Olea species are used as food plants by the larvae of some Lepidoptera species including double-striped pug.

==Species==
11 species are currently accepted:
- Olea capensis L. – Small Ironwood – Comoros, Madagascar; Africa from South Africa north to Ethiopia, Sudan, Democratic Republic of the Congo, Nigeria, Ivory Coast, etc.
- Olea capitellata Ridl. – Pahang
- Olea chimanimani Kupicha – Chimanimani Mountains of Mozambique and Zimbabwe
- Olea europaea L. – Olive – Mediterranean, Africa, southwestern Asia, Himalayas; naturalized many other places
- Olea exasperata Jacq. – South Africa
- Olea lancea Lam. – Madagascar, Mauritius, Réunion, Rodrigues Island
- Olea paniculata R.Br. – Yunnan, India, Indochina, Indonesia, Kashmir, Malaysia, Nepal, New Guinea, Pakistan, Sri Lanka, Australia, New Caledonia, Vanuatu
- Olea puberula Ridl. – Peninsular Malaysia
- Olea schliebenii Knobl. – Tanzania
- Olea welwitschii (Knobl.) Gilg & G.Schellenb. – central and eastern Africa from Ethiopia to Zimbabwe
- Olea woodiana Knobl. – South Africa, Eswatini, Kenya, Tanzania

===Formerly placed here===
- Chionanthus foveolatus (E.Mey.) Stearn (as O. foveolata E.Mey.)
- Ligustrum compactum var. compactum (as O. compacta Wall. ex G.Don)
- Nestegis cunninghamii (Hook.f.) L.A.S.Johnson (as O. cunninghamii Hook.f.)
- Noronhia emarginata (Lam.) Thouars (as O. emarginata Lam.)
- Osmanthus americanus (L.) Benth. & Hook.f. ex A.Gray (as O. americana L.)
- Osmanthus heterophyllus (G. Don) P.S.Green (as O. aquifolium Siebold & Zucc. or O. ilicifolia Siebold ex Hassk.)
- Tetrapilus borneensis (Boerl.) de Juana (as Olea borneensis Boerl. and Olea gitingensis (Elmer) Kiew)
- Tetrapilus brachiatus Lour. (as Olea brachiata (Lour.) Merr.)
- Tetrapilus javanicus Lour. (as Olea javanica (Blume) Knobl.)
- Tetrapilus moluccensis (Kiew) de Juana (as Olea moluccensis Kiew)
- Tetrapilus obovatus (Merr.) de Juana (as Olea luzonica (Kiew))
- Tetrapilus rubrovenius (Elmer) L.A.S.Johnson (as Olea rubrovenia (Elmer) Kiew)
- Tetrapilus tsoongii (Merr.) de Juana (as Olea tsoongii (Merr.) P.S.Green and Olea yuennanensis Hand.-Mazz.)

== Description ==
Plants in Olea are evergreen trees and shrubs that can live for over 1,000 years. They have simple leaves with short petioles, and their flowers are typically bisexual. While they can adapt to many environmental conditions, they thrive in arid climate. Olea leaves have trichomes on the underside, which protect the plants in dry conditions by reducing water loss and provide UV-B protection. The cultivated olive, Olea europaea, was first domesticated in the Levant around 6,000 years ago, and today there are over 2,000 cultivars in the Mediterranean basin alone.

== Taxonomy ==
Historically, Olea was organized into 3 subgenera: Olea, Tetrapilus, and Paniculatae. Subgenus Olea was then split into two sections, Olea and Ligustroides. Section Olea comprising the "olive complex" of Olea europaea, containing 6 subspecies, including both the domesticated olive and wild relatives. The olive complex is distributed from China to South Africa, across the Mediterranean basin, and the Canary Islands. Ligustroides contains 8 species that are found across central and southern Africa. Subgenus Paniculatae includes only one species, O. paniculata from southwestern China through Asia to Australia. Tetrapilus was the most basal subgenus, and included 23 species in southeast Asia.

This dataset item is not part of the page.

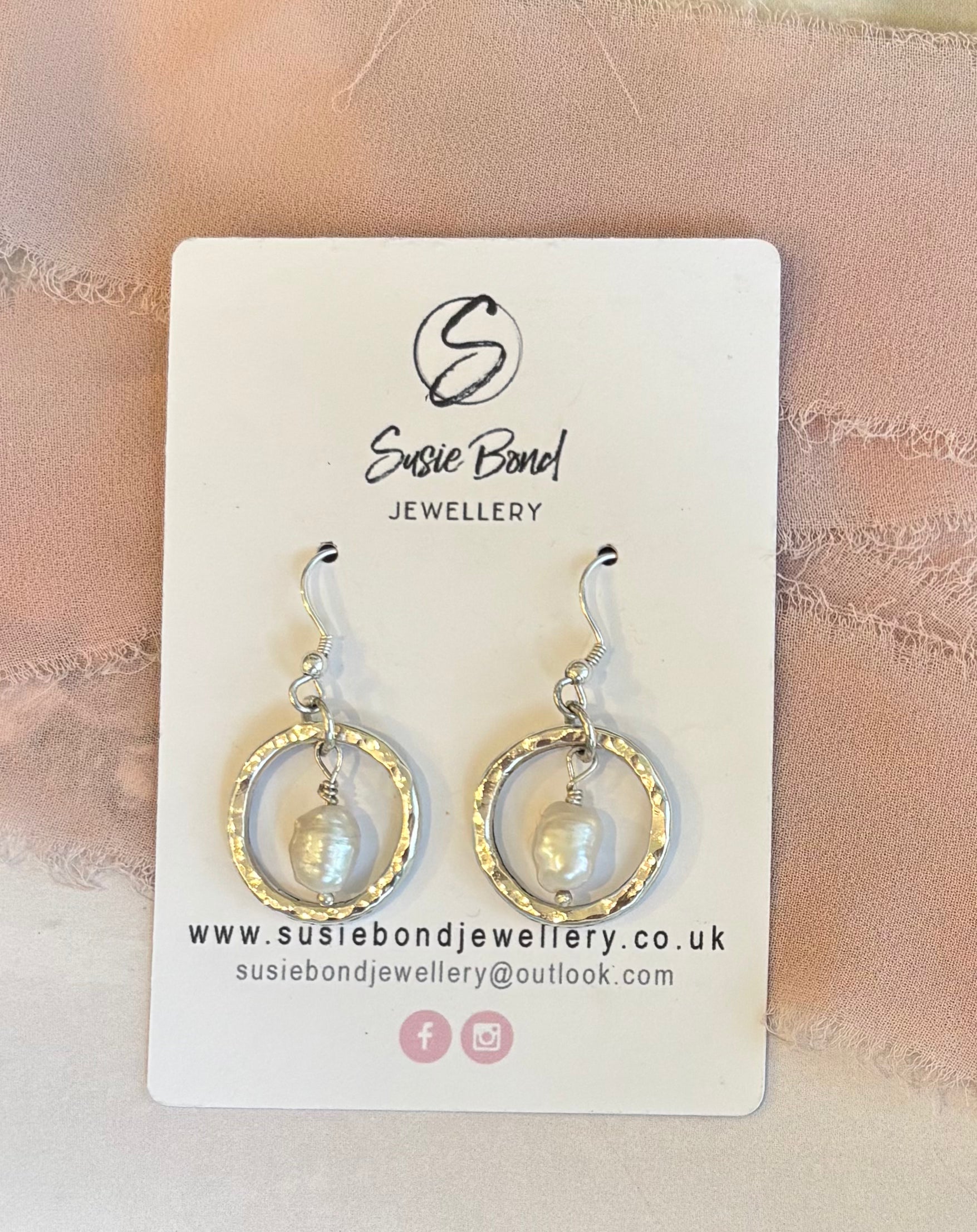 Each Keshi pearl is organically created and each has its own special shape and lustre so I created organic circles of silver, gently hammered to catch the light when worn. Easy to wear with sterling silver wires and perfect for a holiday.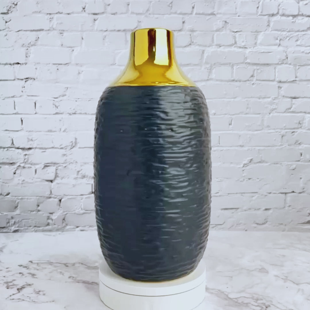 Black Ceramic Minimalist Vase With Golden Rim, 12" Modern Flower Vase

Prior to the advent of DNA analysis, subgenus Tetrapilus was proposed as a separate genus that was more closely related to Chionanthus based on pollen morphology, the length of the corolla tube, and flavonoid composition. However, Tetrapilus was later reclassified as a subgenus of Olea due to insufficient molecular evidence supporting it as a genus. More recent phylogenomic evidence has demonstrated that Tetrapilus may be a separate genus that is sister to Chionanthus and Chengiodendron. As such, Olea is not a monophyletic group, however monophyly of a group consisting of only subgenera Olea and Paniculatae is supported.